Duty of Care: Statutory

  • Trustee Act 2000, s 1

  • a trustee must exercise care and skill as is reasonable in the circumstances, having regard in particular –

  • objective test: a) To any special knowledge or experience that he has or holds himself out as having, and

  • subjective elements: b) If he acts as a trustee in the course of a business or profession, to any special knowledge or experience that it is reasonable to expect of a person acting in the course of that kind of business or profession

Duty of Care: Common Law

  • The statutory duty is supplemented by the Common Law

  • ‘The statutory duty is intended to enact, and not to discredit, the standard of care which was formerly set out in cases such as Speight v Gaunt and Learoyd v Whiteley’ — Gary Watt, Equity & Trusts Law, (8th edn, Oxford University Press,
    2025) 270

Ordinary Prudent Person of Business

  • Speight v Gaunt (1883) 9 App Case 1

  • duty is for trustee to act in the manner an ‘ordinary prudent man of business would take in managing similar affairs of his own.’ (Lord Blackburn)

Strength of Duty

  • Learoyd v Whiteley (1886) 33 Ch D 347
    'The duty of a trustee is not to take such care only as a prudent man would take if he
    had only himself to consider; the duty rather is to take such care as an ordinary
    prudent man would take if he were minded to make an investment for the benefit of other people for whom he felt morally bound to provide.’ Lindley LJ


Fudiciary Duty

Characteristics of Fudiciary Duty

  • The Trustee – Beneficiary relationship is the fiduciary relationship par
    excellence — Gary Watt, Equity & Trusts Law (8th edn, Oxford University Press, 2025) 261

  • characteristics of a trustee: good faith, trust, loyalty, confidence, acting in best interests of another

  • Bristol and West Building Society v Mothew [1998] Ch 1: Someone who has undertaken to act for or on behalf of another in circumstances
    which rise to a relationship of trust and confidence.
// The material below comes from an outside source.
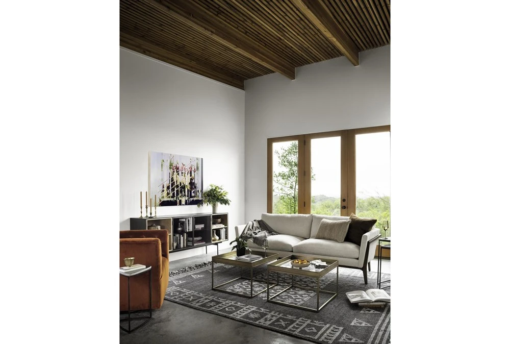 - Modern design with tufted, curved foam cushions

  • The distinguishing obligation of a fiduciary is the obligation of loyalty
    A fiduciary cannot:
    • Act in conflict with the person to whom they owe the duty
    • Profit from their position as fiduciary

  • No profit No Conflict = Bray v Ford [1896] AC 44

Fudiciary Duty: No Profit, No Conflict

No Profit

  • Managing director taking advantage of information received by virtue of position:

  • Industrial Development Consultants Ltd v Cooley [1972] 1 WLR 443

  • Trustee using position to make person profit: Boardman v Phipps [1966] 3 All ER 827

No Conflict

  • The fiduciary should not place themselves in a position where their interests are in conflict with that of the person to whom a duty is owed

  • Self-dealing prohibition: e.g. Tito v Waddell (No 2) [1977] Ch 106

Strict Application

  • Keech v Sandford (1726) 2 Eq Ab 741

  • ‘...the rule should be strictly pursued, and not in the least relaxed.’


Breach

  • duty of care: trustee fails to proeprly excercise duty of care —> claim in personam (claim against trutee(s) personally)
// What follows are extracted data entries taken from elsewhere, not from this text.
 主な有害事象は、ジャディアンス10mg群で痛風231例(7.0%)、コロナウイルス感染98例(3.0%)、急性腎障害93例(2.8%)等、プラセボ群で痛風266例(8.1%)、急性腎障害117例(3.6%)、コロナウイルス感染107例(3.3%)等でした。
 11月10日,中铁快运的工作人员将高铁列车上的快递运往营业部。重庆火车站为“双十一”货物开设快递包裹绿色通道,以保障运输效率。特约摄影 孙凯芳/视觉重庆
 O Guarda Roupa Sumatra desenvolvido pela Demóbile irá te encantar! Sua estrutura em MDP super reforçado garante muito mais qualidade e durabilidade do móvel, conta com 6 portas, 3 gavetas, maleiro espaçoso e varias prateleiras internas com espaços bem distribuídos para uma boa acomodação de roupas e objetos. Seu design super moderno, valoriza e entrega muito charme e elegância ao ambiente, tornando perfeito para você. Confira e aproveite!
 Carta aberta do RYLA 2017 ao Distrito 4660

  • fudiciary duty: trustee contravenes fudiciary duty —> claim in rem (claim to pursue the trust property)

Claim in Personam

  • Pursue trustee for breach of trust / fiduciary duty
    • Any reason not to pursue?
    • Does trustee have any money?
    • Do beneficiaries want misappropriated asset instead??

Claim in Rem

  • where the beneficiaries seek to reclaim trust property that has been misappropriated

  • First step for making a claim in rem:

  • Beneficiary must show that they have a PROPRIETARY INTEREST (intererst in property ownership) in the property they are pursuing

  • do this by ‘tracing’

Tracing

Common Law Tracing

  • cannot use if misappropriated property is mixed with other property

  • not possible for equitable owners – such as beneficiary of trust

Equitable Tracing

  • can be used for equitable owners

  • can be used if misappropriated property is mixed with other property

  • can be use to trace misappropriated property and profit/increase in value

Requirements for Equitable Tracing

  • fiduciary relationship with person misappropriating the property

  • beneficial interest in the misappropriated property

  • ‘The right to trace is not available to just anyone. The claimant must show that they have an equitable proprietary interest in the property being traced. Clearly, the beneficiary of a trust has such an interest.’ — Joyce Liew Mouawad, Trusts Law – Revise SQE (Fink Publishing, 2021) Chapter 12

Equitable Tracing & Mixed Funds

  • equitable tracing is very useful when misappropriated property is mixed with other property

  • when this mixing occurs we use case law assumptions

Mixed with Trustee’s Own Money: Re Hallett’s Estate (1880) 13 Ch D 696

  • solicitor misappropriated funds and placed into his own account

  • withdrew funds, but a balance remained

  • balance was insufficient to discharge solicitor’s debts AND to repay beneficiaries

  • trustee deemed to have withdrawn his own monies first

  • therefore beneficiaries were entitled to the funds, over the creditors

Ratio Decidendi

  • applies where the trustee mixes misappropriated monies with his own, and subsequently withdraws funds from the mixed account

  • ASSUMPTION: trustee withdrew his funds first

Mixed with Trustee’s Own Money: Re Oatway [1903] 2 Ch 356

  • A solicitor misappropriated trust funds

  • Over time the trust funds had all be dissipated

  • With some trust funds the solicitor had purchased shares which has increased in value.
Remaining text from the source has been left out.